Die Rechtsprechung ist in der Frage, ob das Einholen der Deckungszusage eine gesonderte Gebühr auslöst, uneinheitlich. Teilweise wird die Einholung einer Deckungszusage bei dem Rechtsschutzversicherer des Mandanten als eine gesonderte gebührenrechtliche Angelegenheit für den damit beauftragten Rechtsanwalt angesehen, teilweise aber auch nicht. Die Literatur geht wohl überwiegend davon aus, dass eine gesonderte Angelegenheit vorliegt.

Lehnt Ihre RSV eine Deckung nun ab, so hätte Ihr Rechtsanwalt Sie über diesen Umstand informieren müssen. Nach ständiger Rechtsprechung muss Ihr Anwalt Sie nämlich über bestehende Prozessrisiken belehren. Auch müssen Sie eigenverantwortlich über Art und Weise einer gerichtlichen Rechtsverfolgung entscheiden können. Dies war Ihnen hier nicht möglich. Die Folge könnte daher sein, dass Sie sich auf Schadensersatzansprüche gemäß § 280 Abs. 1 BGB berufen können und Ihrem Rechtsanwalt wegen einer Pflichtverletzung somit kein Honorar zusteht (vgl. z.B. OLG Düsseldorf, Beschluss vom 08.05.2008 - 24 U 211/07). Lehnt der Rechtschutzversicherer seine Eintrittsverpflichtung ab, so wäre Ihr Anwalt zudem dazu verpflichtet gewesen, die Rechtmäßigkeit der Ablehnung zu überprüfen. Er hätte zunächst also prüfen müssen, ob ein Stichentscheid gem. § 17 Abs. 2 ARB abzugeben ist. Über diese Möglichkeit hätte er Sie umfassend informieren müssen.

Je nachdem aus welchen Gründen Ihre RSV die Leistungspflicht nun abgelehnt hat, stehen Ihnen verschiedene Möglichkeiten wie der Stichentscheid, das Schiedsgutachterverfahren oder die Deckungsklage offen.

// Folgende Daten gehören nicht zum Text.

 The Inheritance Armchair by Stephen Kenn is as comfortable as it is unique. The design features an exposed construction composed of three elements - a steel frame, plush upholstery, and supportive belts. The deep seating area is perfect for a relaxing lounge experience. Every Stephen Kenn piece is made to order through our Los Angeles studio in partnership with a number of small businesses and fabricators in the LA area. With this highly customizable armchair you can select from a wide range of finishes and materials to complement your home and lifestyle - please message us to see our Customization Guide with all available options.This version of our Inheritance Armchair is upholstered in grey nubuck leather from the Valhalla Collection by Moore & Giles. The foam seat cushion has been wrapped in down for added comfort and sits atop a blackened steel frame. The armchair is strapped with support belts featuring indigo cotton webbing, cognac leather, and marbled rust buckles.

Jedoch hat Ihr Anwalt insoweit recht, als dass zwischen ihm und dem Versicherer kein Vertragsverhältnis besteht. Eine Rechtsbeziehung zwischen Anwalt und Versicherer ist also nicht begründet.

Zusammenfassend lässt sich also sagen, dass wohl eine Pflichtverletzung Ihres Rechtsanwaltes vorliegt, der ihn zum Schadensersatz verpflichten könnte, sodass ihm kein Honoraranspruch gegenüber Ihnen zusteht. Zudem steht es Ihnen natürlich frei, Ihre Ansprüche gegenüber Ihrer RSV im Wege der vorgenannten Möglichkeiten geltend zu machen.

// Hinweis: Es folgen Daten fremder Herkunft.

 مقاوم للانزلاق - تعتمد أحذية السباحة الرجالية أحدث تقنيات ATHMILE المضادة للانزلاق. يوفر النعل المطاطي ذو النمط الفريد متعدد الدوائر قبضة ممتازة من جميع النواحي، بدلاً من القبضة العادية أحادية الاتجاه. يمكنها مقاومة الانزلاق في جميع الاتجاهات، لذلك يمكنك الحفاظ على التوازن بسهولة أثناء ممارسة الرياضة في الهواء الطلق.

Recht herzlichen Dank Perfekt recherchiert, kommentiert und formaljuristisch als Advocatus perfectus sehr schlüssig mit dokumentierten Gerichtsentscheidungen kausaliert. Ein absolutes Meisterwerk!

@coachbella

Sehr gerne und vielen lieben Dank für die freundliche Rückmeldung und den leuchtenden Stern. Sollten Sie Rückfragen haben, melden Sie sich bitte gerne wieder.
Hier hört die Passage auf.